▶ **What this task involves**: In the entries below, find the line with "11月10日晚,安阳镇李营村" and the line with "Mysig hundbädd i". Return those two lines and all lines between them, exactly.

▶ **Data shown**:
======
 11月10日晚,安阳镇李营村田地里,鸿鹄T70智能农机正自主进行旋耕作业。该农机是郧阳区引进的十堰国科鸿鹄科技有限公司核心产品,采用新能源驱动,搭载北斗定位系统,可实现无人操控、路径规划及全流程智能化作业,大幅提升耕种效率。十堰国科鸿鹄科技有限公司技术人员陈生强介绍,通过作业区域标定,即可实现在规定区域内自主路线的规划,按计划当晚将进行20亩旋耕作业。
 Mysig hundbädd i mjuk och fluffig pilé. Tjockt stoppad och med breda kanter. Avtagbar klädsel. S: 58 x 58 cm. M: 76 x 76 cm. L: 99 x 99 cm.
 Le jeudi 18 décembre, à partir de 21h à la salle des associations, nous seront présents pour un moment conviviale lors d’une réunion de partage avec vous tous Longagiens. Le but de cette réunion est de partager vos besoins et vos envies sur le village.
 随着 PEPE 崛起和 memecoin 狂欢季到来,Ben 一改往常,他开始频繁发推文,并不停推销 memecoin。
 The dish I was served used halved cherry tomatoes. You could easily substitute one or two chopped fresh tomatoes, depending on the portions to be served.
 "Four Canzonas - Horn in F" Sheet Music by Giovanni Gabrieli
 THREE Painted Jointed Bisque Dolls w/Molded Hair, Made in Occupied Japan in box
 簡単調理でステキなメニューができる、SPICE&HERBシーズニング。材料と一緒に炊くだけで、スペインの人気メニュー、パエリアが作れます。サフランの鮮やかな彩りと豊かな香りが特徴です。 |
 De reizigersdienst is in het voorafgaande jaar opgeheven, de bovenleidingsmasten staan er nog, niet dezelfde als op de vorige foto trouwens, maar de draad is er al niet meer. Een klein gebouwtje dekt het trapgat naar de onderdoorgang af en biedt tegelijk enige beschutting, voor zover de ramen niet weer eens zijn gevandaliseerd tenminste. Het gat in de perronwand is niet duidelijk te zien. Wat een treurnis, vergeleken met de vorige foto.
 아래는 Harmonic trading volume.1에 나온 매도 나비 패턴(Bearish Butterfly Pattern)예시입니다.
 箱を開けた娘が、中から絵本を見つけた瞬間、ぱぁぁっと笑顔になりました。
======
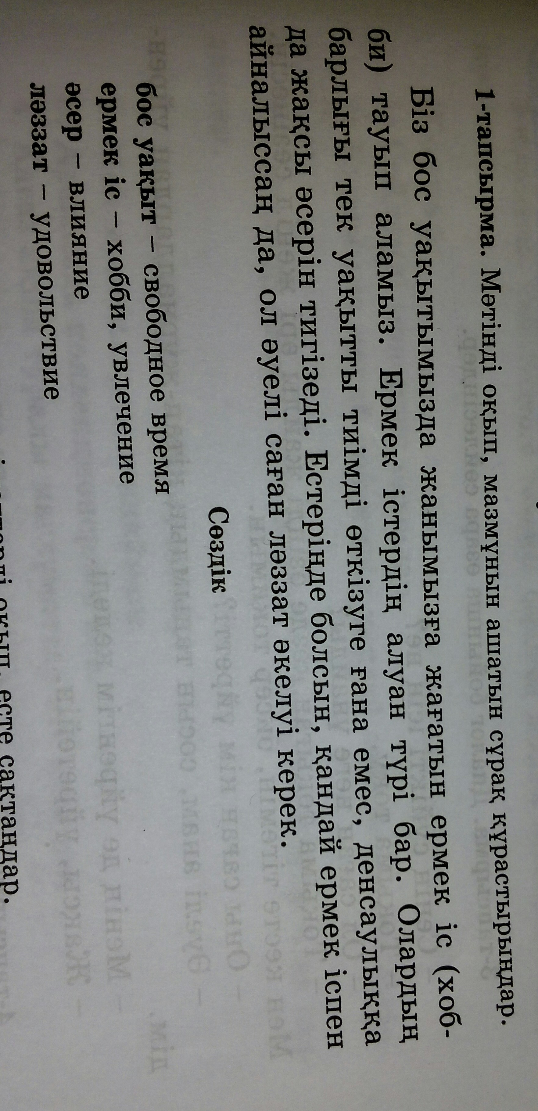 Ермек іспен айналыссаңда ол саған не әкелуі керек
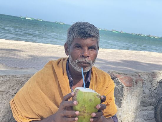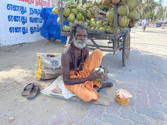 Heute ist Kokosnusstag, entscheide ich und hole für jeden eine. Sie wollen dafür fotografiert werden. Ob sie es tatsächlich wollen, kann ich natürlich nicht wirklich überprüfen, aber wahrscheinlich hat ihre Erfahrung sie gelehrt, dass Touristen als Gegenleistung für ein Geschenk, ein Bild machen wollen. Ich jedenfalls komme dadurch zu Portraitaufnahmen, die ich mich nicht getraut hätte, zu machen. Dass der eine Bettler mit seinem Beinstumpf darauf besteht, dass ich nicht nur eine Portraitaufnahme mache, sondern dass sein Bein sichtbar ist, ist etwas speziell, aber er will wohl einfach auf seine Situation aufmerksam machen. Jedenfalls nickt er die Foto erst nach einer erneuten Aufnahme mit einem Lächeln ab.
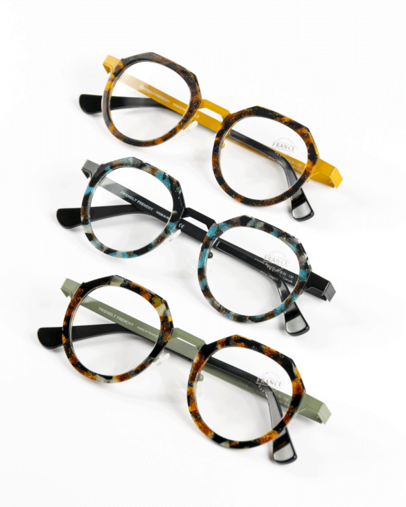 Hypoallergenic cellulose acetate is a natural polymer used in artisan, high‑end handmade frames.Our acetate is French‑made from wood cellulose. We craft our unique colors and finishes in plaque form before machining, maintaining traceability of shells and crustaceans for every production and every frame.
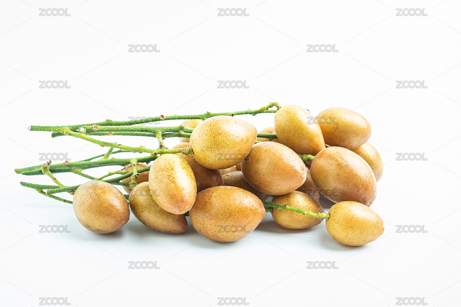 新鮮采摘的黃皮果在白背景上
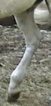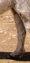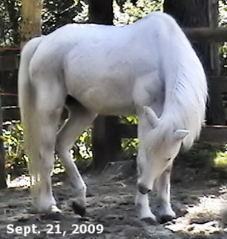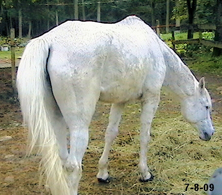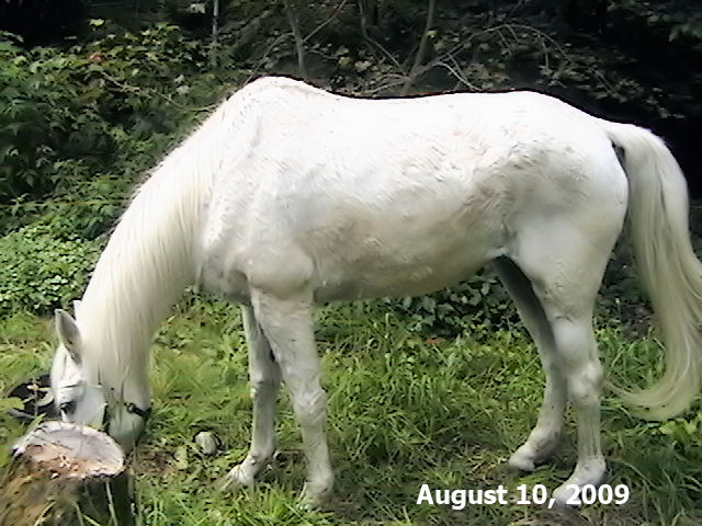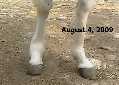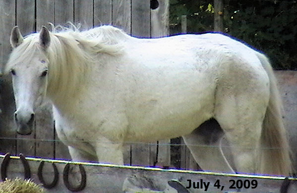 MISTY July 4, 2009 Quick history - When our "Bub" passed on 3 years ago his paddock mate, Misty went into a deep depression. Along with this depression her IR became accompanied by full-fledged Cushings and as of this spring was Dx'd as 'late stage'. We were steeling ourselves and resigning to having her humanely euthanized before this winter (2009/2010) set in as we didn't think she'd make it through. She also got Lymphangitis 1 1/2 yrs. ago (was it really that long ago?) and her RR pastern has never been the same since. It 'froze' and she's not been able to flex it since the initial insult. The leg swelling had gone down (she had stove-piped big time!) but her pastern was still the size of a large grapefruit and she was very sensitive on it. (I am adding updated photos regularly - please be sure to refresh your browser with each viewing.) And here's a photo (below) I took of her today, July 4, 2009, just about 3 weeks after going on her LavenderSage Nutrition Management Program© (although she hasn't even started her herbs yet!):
======
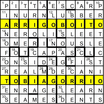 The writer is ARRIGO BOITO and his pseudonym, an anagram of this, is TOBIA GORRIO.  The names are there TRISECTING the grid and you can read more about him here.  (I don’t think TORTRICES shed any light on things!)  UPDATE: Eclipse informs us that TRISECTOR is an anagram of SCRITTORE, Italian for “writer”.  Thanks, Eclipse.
======
▶ **Problem solution**:
 11月10日晚,安阳镇李营村田地里,鸿鹄T70智能农机正自主进行旋耕作业。该农机是郧阳区引进的十堰国科鸿鹄科技有限公司核心产品,采用新能源驱动,搭载北斗定位系统,可实现无人操控、路径规划及全流程智能化作业,大幅提升耕种效率。十堰国科鸿鹄科技有限公司技术人员陈生强介绍,通过作业区域标定,即可实现在规定区域内自主路线的规划,按计划当晚将进行20亩旋耕作业。
 Mysig hundbädd i mjuk och fluffig pilé. Tjockt stoppad och med breda kanter. Avtagbar klädsel. S: 58 x 58 cm. M: 76 x 76 cm. L: 99 x 99 cm.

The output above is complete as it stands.